Following this, it was kindly 1 pm and I wanted to eat something. I went to the market square and sat on a terrace, but I soon discovered that they don’t accept credit cards. I would advise you to have cash if you go to Hallstatt, as there is an ATM, which is actually right next to the square in the main street, but with a huge fee to withdraw money.

I wondered then whether the village of Hallstatt is benefiting from tourism. Apart from the restaurants which work well (the terraces were full when I was there), the visitors are more likely to be excursionists since they don’t often spend the night in Hallstatt.

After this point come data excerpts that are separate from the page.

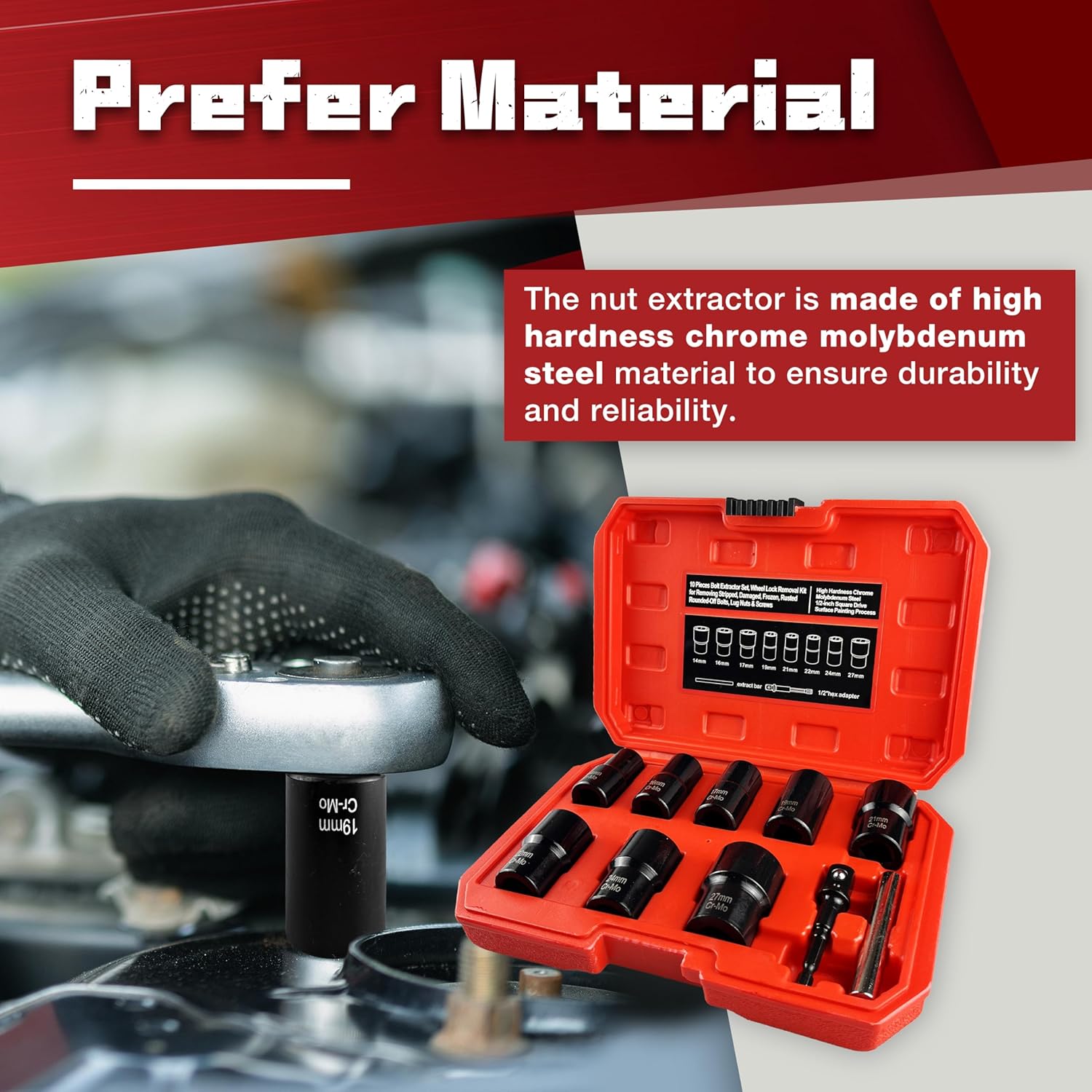 | Compatible Fastener Range | 4mm, 16mm, 17mm, 19mm, 21mm, 22mm, 24mm, and 27mm, plus 1/2” impact hex adapters and a firing pin |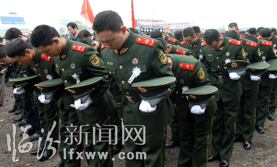 圖為武警官兵在為臨汾攻堅戰中犧牲的無名英烈默哀。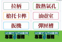 (二)部位名稱磁鐵上的文字顏色,與掛圖色系相同。如:「傳動機構」磁鐵文字為藍色,即屬左視圖上的部位名稱;「可拆式提把」磁鐵文字為暗紅色,則屬右視圖上的部位名稱。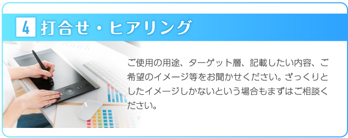 千葉チラシ作成.comでは、お客様の思いを形にするため、ヒアリングに力をいれております。何を伝えていいかわからないという方も多いかと思いますが、好きな色、思い、こんなことをしたいなど、ざっくりとしたイメージで構いませんので、担当スタッフにお伝えください。それを形にするのがプロの私たちの仕事ですので、安心してお任せしていただければと思います。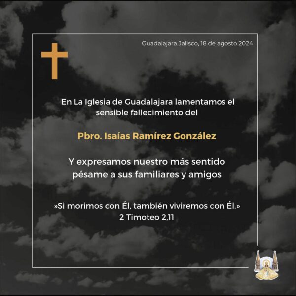 Tras la desaparición del padre Isaías Ramírez González, de quien nada se sabía desde el 15 de agosto, este domingo, el arzobispo de Guadalajara, cardenal José Francisco Robles Ortega, informó, a través de sus redes sociales, del hallazgo sin vida del presbítero.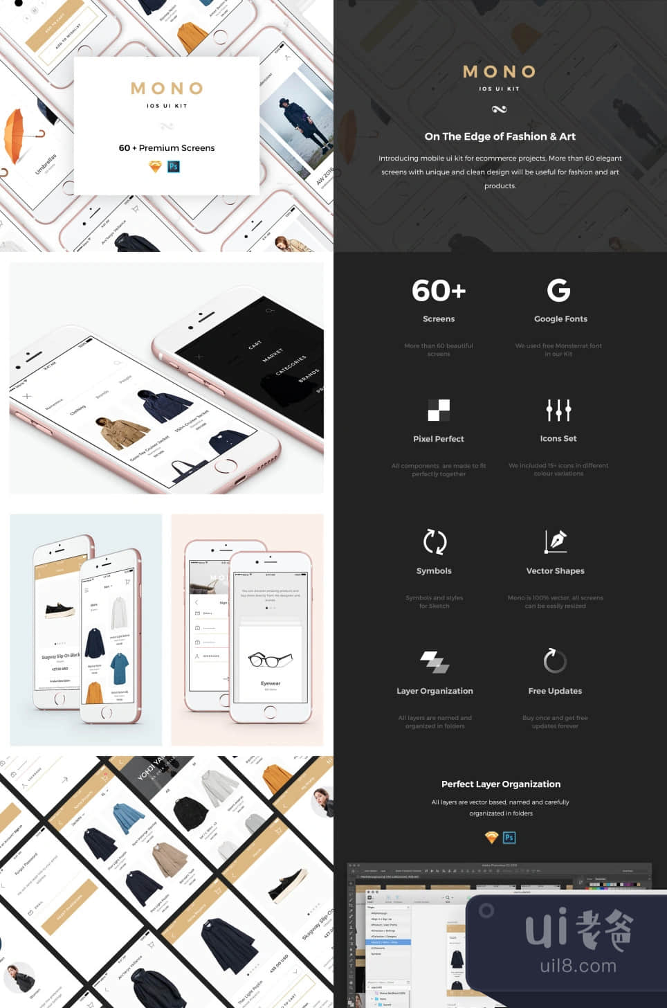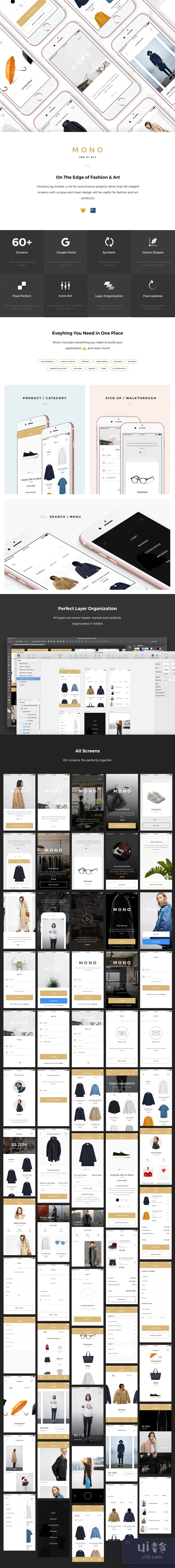 介绍用于电子商务项目的移动UI套件。10个类别的60多个优雅的屏幕,独特而简洁的设计,将有助于时尚和艺术产品。Mono包括你需要建立你的应用程序的一切,甚至更多完美的图层组织,所有的图层都是基于矢量的,命名并精心组织在文件夹里。与Sketch 3.7+和Photoshop CC+兼容。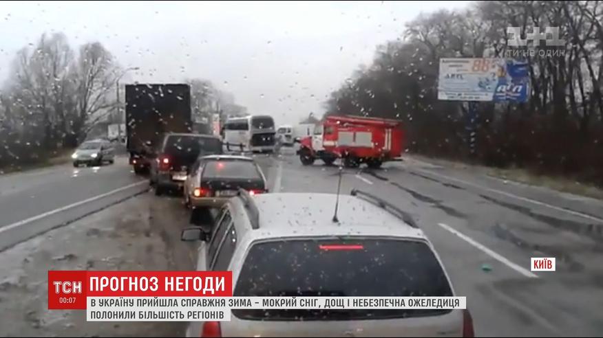 Мокрий сніг, дощ і небезпечна ожеледиця. Така сьогодні погода в більшості регіонів України. Через туман і слизькі дороги на Полтавщині десятки автобусів не випустили в рейс. У Києві і передмісті затори. У Дніпрі та Запоріжжі переповнені травмпункти і затримані авіарейси. І, кажуть, що це лише початок.
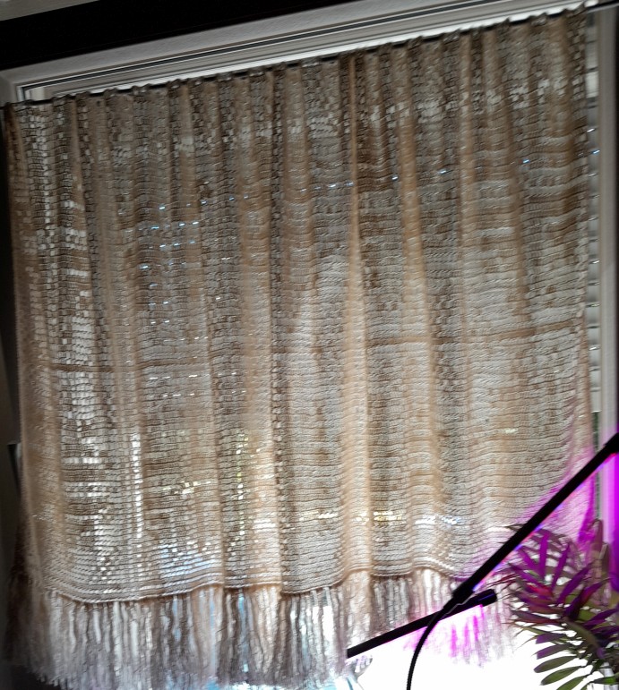 diese Gardine hat mir mal meine jüngste Tochter zu einem Geburtstag gehäkelt, ich liebe dies gardine gerade im Sommer, das sie etwas besser als leichte weiße die Sonne draußen halten

Having walked around the village, I saw that at the landing stage there was already a line of people waiting for the next boat. As I saw more and more people joining this queue, I also decided to get in line, not seeing the point of staying longer in Hallstatt, as it is impossible to rest quietly in the village. The boat ride to the train station was even nicer than the outward journey.


In 2019, Europe’s cities have made special efforts to deal with the problem of over-tourism in their own way. In the summer, Rome introduced a €250 fine for sitting on the steps of the Spanish square, while at the same time announcing its intention to restrict access to the Trevi fountain. In Amsterdam, bans have been announced on Red Light district circuits and beer bikes.

It is always difficult to counteract mass tourism, hence the plea of the mayor of Hallstatt that tourists no longer come to his village in such large numbers. From 1 May 2020, the number of buses allowed to come is limited to 54 per day, which is still a lot. This is not to mention the tourists who come by car, train and boat. This is a modest measure, but one that may have a good impact on the influx of tourists to Hallstatt. Only time will tell.


Today, the Corona crisis has turned everything upside down. An article in the Neue Zürcher Zeitung explains that this virus has changed everything for the Austrian village, above all because the main tourist segments were Asian. Indeed, calm, without tourists, has returned to Hallstatt and will not soon see Asian groups disembarking by dozens a day.

One passage (translated here) caught my attention: “Many villagers, who had previously suffered from the agitation, said: ‘Hallstatt belongs to us again now’. As an entrepreneur (I imagine the town), it also sees advantages in slowing things down: “This is a chance to think fundamentally about the kind of tourism we really want to offer in Hallstatt”. »

The world was for a while almost at a standstill. Some actions, whether touristic or not, will perhaps change after this Covid-19 situation will finally be totally behind us (yes, soon a past, but by no means to be forgotten!). Again, only the future will tell us.